YOUR ASSIGNMENT:
Scan the lines below; pull out those with "курса".

TASK INPUTS:
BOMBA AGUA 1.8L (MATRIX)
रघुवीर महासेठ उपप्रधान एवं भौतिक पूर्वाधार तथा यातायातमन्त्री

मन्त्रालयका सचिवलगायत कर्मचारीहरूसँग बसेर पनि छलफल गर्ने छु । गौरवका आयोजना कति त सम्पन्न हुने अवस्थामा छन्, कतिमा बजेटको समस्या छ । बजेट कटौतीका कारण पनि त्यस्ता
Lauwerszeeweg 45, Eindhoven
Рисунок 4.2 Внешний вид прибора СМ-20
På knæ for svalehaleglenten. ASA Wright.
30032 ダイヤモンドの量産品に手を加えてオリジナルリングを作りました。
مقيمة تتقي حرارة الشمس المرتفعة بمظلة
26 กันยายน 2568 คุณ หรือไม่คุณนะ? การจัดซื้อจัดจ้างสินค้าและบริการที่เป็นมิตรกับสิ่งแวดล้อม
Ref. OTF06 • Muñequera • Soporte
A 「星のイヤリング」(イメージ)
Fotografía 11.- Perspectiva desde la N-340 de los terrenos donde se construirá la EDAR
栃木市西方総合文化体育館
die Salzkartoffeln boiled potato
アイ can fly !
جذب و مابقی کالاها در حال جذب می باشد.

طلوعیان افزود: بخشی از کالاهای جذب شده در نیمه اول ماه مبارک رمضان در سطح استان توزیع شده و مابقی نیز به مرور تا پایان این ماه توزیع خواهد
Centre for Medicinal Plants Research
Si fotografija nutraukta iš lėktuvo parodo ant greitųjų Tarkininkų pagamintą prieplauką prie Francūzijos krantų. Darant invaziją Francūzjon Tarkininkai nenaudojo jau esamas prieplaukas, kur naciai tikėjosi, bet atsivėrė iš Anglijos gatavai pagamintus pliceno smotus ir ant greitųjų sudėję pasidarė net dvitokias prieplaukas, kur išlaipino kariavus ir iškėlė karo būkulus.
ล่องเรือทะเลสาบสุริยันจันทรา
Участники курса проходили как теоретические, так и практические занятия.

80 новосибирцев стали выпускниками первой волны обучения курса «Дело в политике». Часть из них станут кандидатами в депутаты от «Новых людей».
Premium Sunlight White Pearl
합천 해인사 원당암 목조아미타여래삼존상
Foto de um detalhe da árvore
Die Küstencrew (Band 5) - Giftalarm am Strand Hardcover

SOLUTION TO THE EXERCISE:
Участники курса проходили как теоретические, так и практические занятия.
80 новосибирцев стали выпускниками первой волны обучения курса «Дело в политике». Часть из них станут кандидатами в депутаты от «Новых людей».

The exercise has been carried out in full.